- TASK DATA -
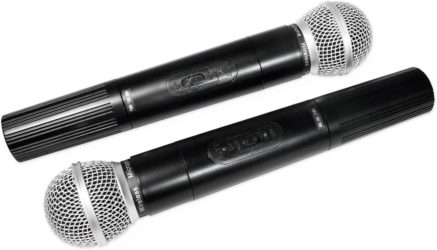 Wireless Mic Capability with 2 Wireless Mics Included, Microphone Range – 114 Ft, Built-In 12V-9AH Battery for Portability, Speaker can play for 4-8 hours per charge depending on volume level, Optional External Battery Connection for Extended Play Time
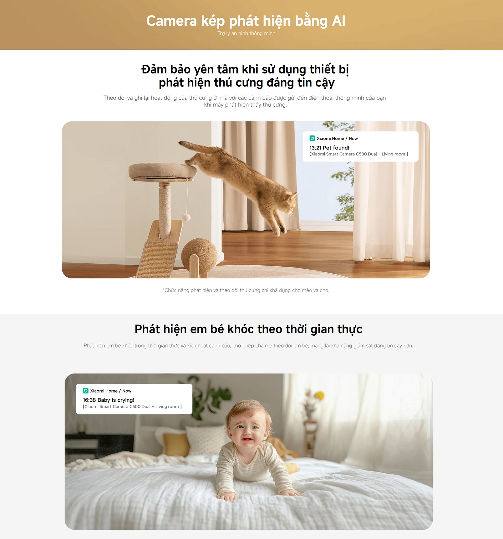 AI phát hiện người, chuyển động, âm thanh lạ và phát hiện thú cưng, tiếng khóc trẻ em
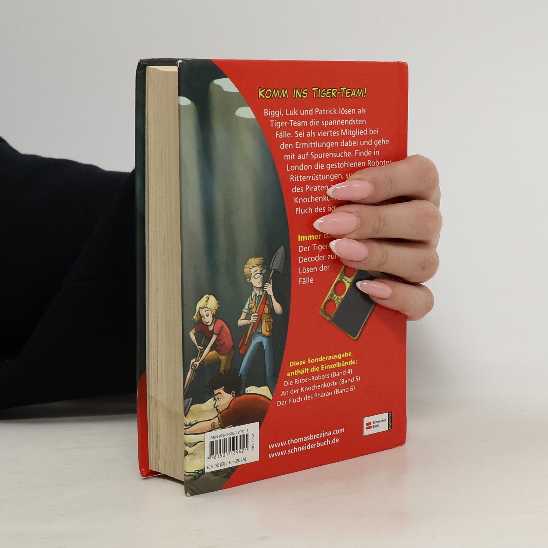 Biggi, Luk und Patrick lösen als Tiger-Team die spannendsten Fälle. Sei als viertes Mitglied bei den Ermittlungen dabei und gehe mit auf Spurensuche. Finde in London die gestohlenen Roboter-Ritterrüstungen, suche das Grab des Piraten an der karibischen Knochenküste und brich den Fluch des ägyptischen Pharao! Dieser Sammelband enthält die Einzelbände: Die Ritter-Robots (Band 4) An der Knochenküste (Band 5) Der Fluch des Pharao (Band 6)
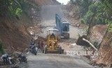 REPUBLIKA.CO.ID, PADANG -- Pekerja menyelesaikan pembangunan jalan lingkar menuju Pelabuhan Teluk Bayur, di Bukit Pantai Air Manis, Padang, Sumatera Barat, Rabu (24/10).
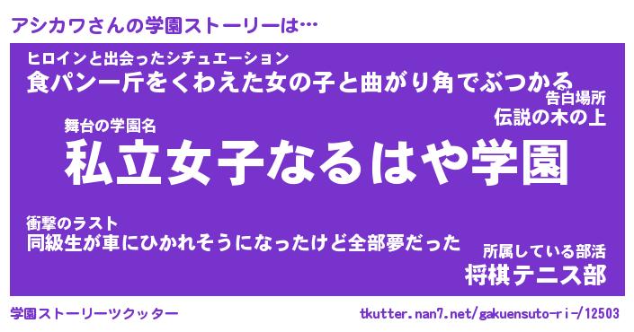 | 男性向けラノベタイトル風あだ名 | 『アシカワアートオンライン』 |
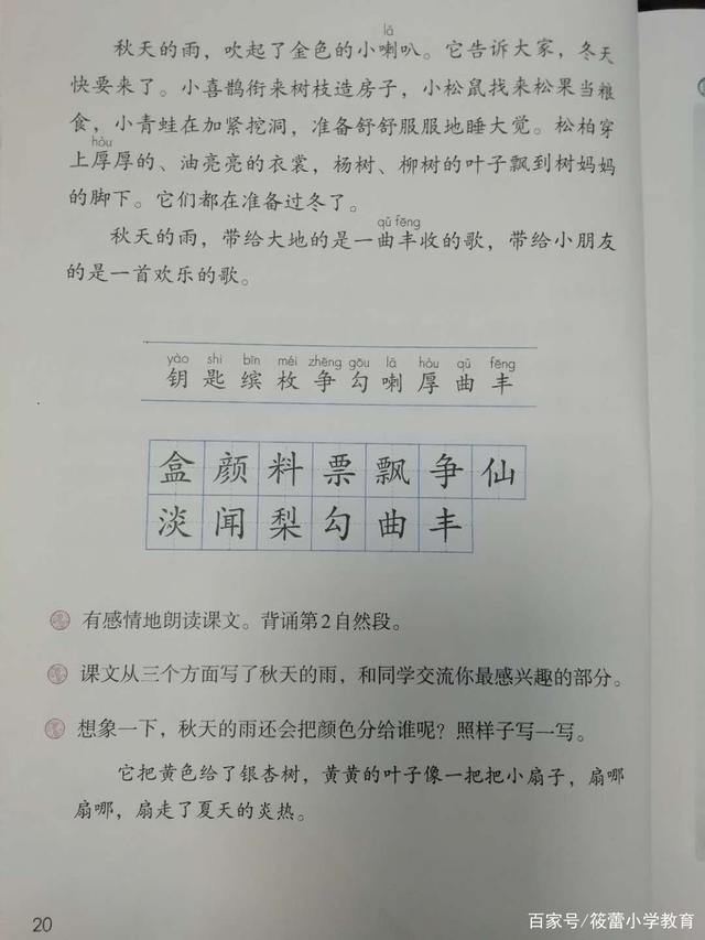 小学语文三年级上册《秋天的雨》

==

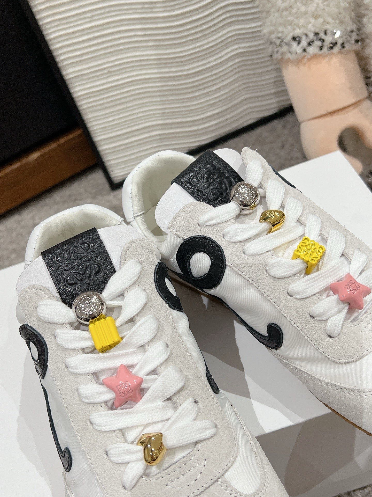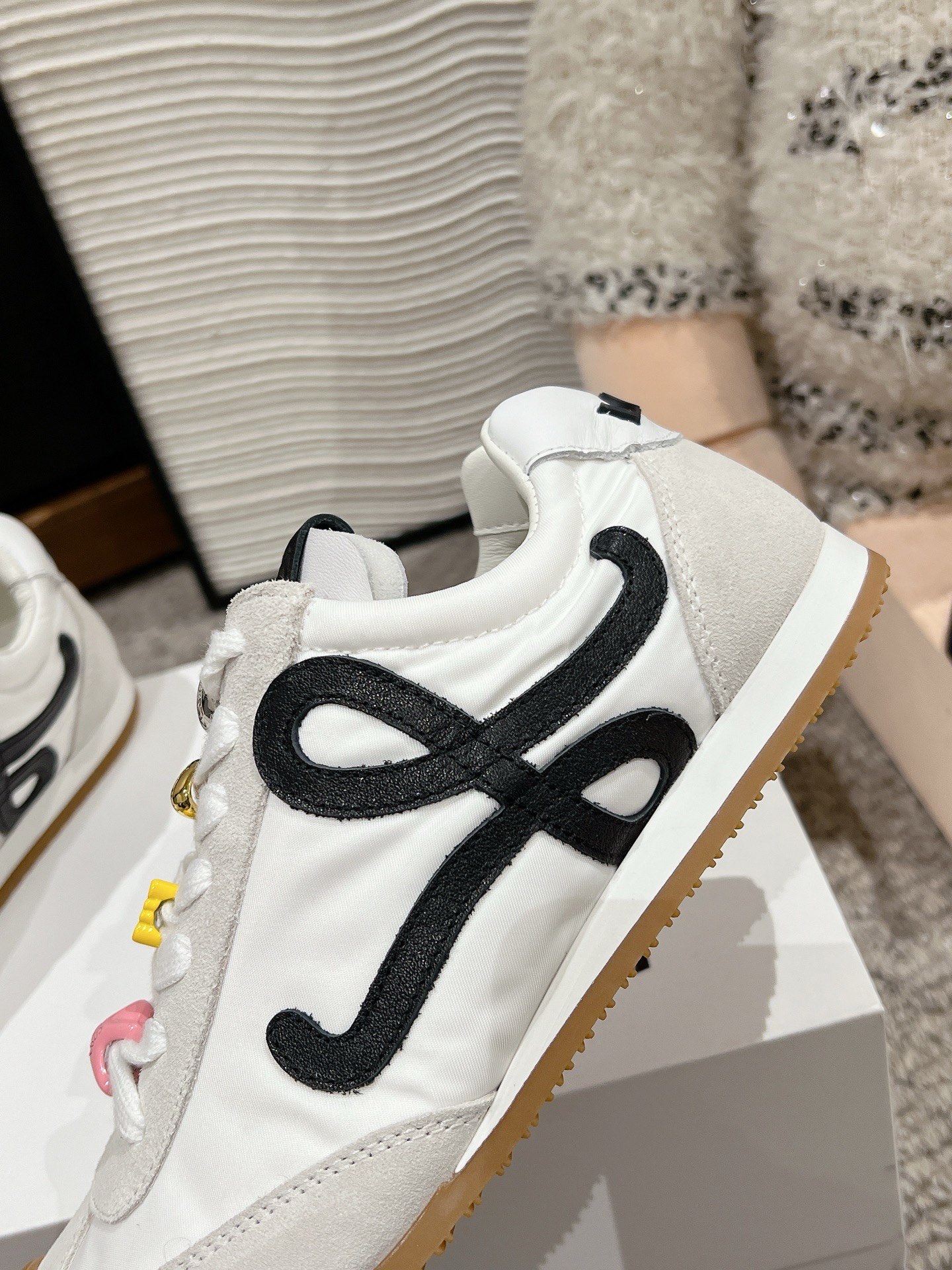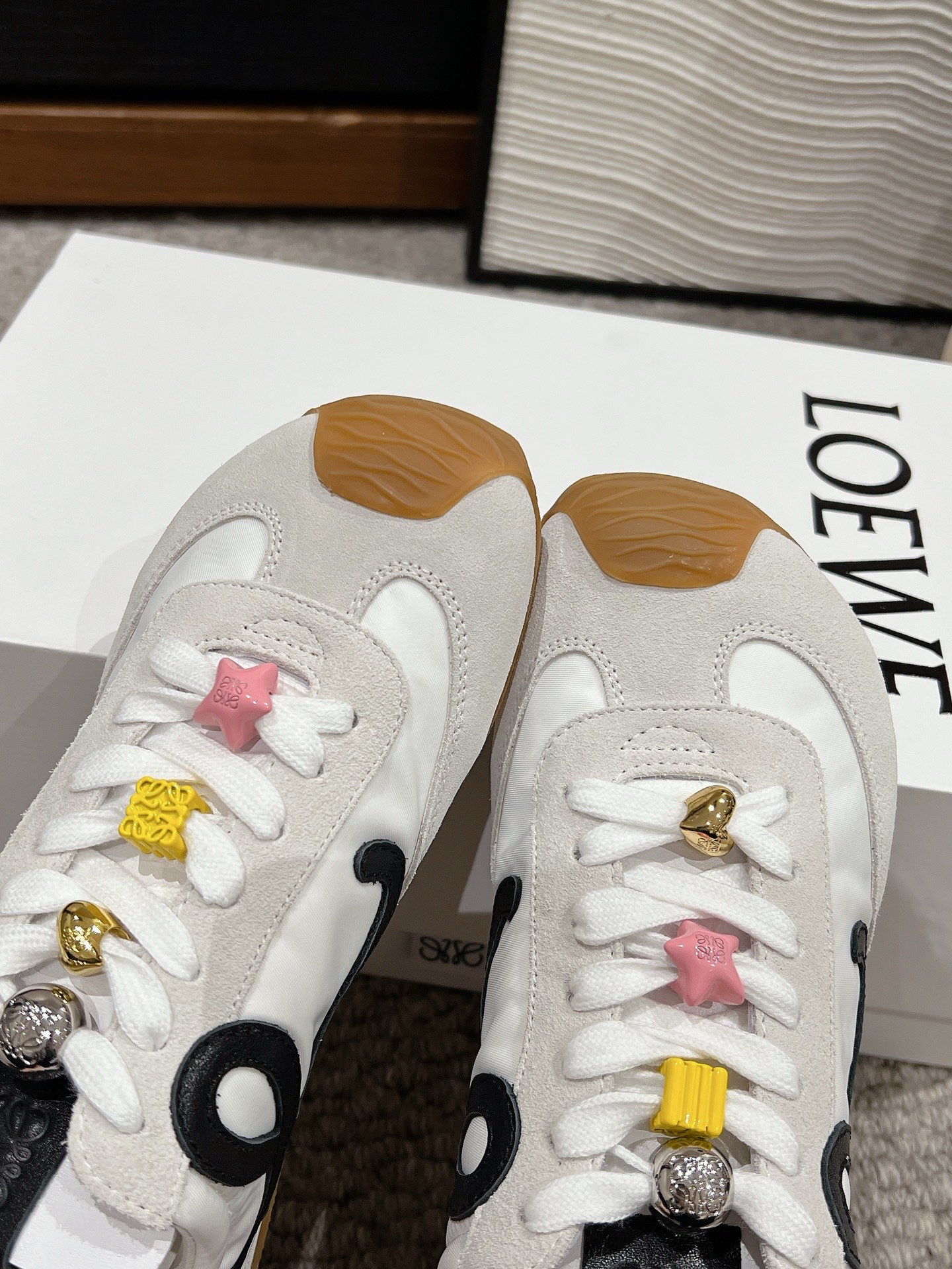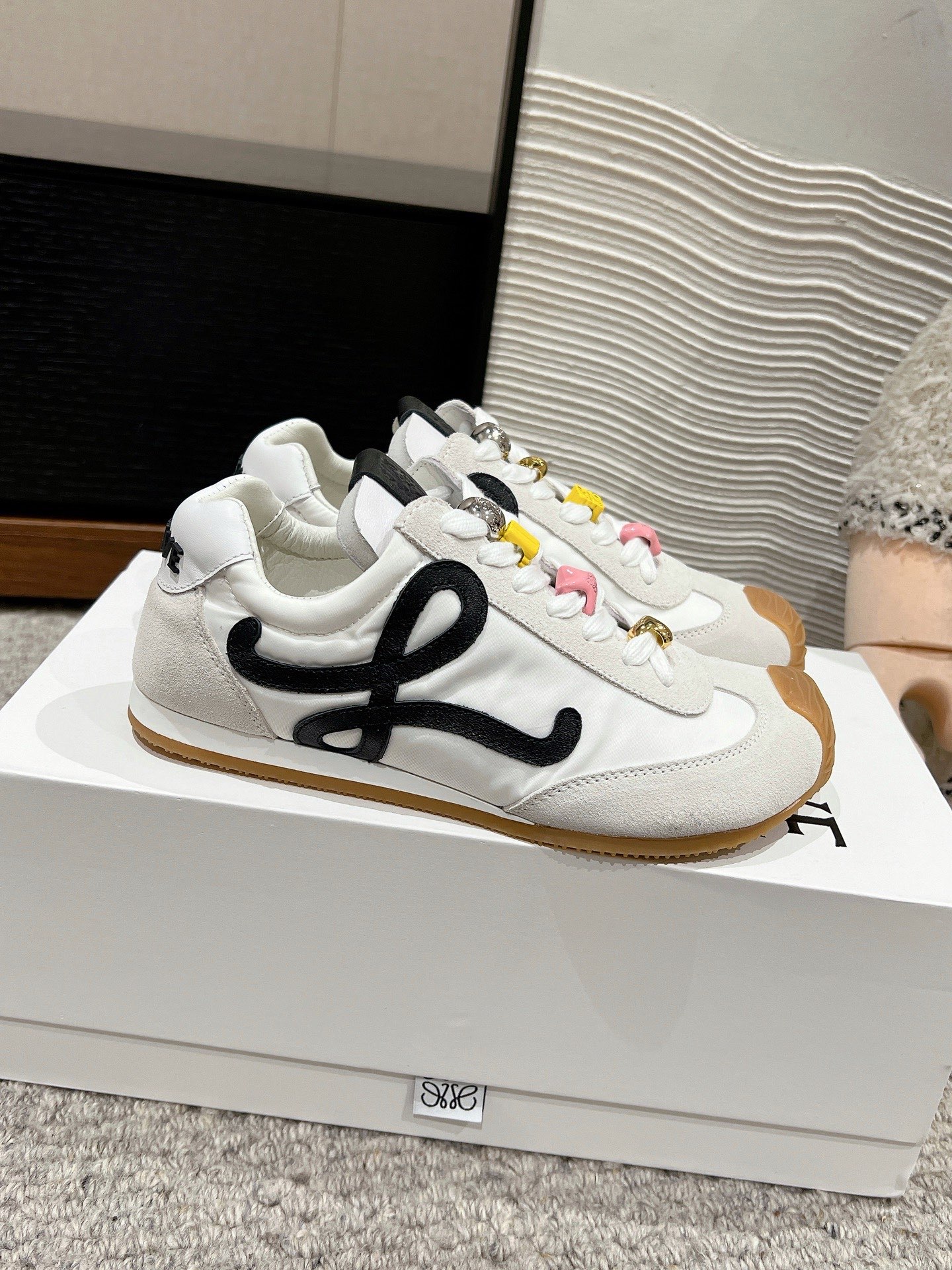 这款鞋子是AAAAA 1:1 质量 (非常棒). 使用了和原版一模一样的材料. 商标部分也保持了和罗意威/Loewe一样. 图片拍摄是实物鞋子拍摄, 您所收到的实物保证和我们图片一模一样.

- YOUR GOAL -
Your reply should consist solely of the lines above from the line containing "AI phát hiện" up to and including the line containing "小学语文三年级上册《秋天的雨》", reproduced exactly, minus the pictures.

- WORKED SOLUTION -
 AI phát hiện người, chuyển động, âm thanh lạ và phát hiện thú cưng, tiếng khóc trẻ em
 Biggi, Luk und Patrick lösen als Tiger-Team die spannendsten Fälle. Sei als viertes Mitglied bei den Ermittlungen dabei und gehe mit auf Spurensuche. Finde in London die gestohlenen Roboter-Ritterrüstungen, suche das Grab des Piraten an der karibischen Knochenküste und brich den Fluch des ägyptischen Pharao! Dieser Sammelband enthält die Einzelbände: Die Ritter-Robots (Band 4) An der Knochenküste (Band 5) Der Fluch des Pharao (Band 6)
 REPUBLIKA.CO.ID, PADANG -- Pekerja menyelesaikan pembangunan jalan lingkar menuju Pelabuhan Teluk Bayur, di Bukit Pantai Air Manis, Padang, Sumatera Barat, Rabu (24/10).
 | 男性向けラノベタイトル風あだ名 | 『アシカワアートオンライン』 |
 小学语文三年级上册《秋天的雨》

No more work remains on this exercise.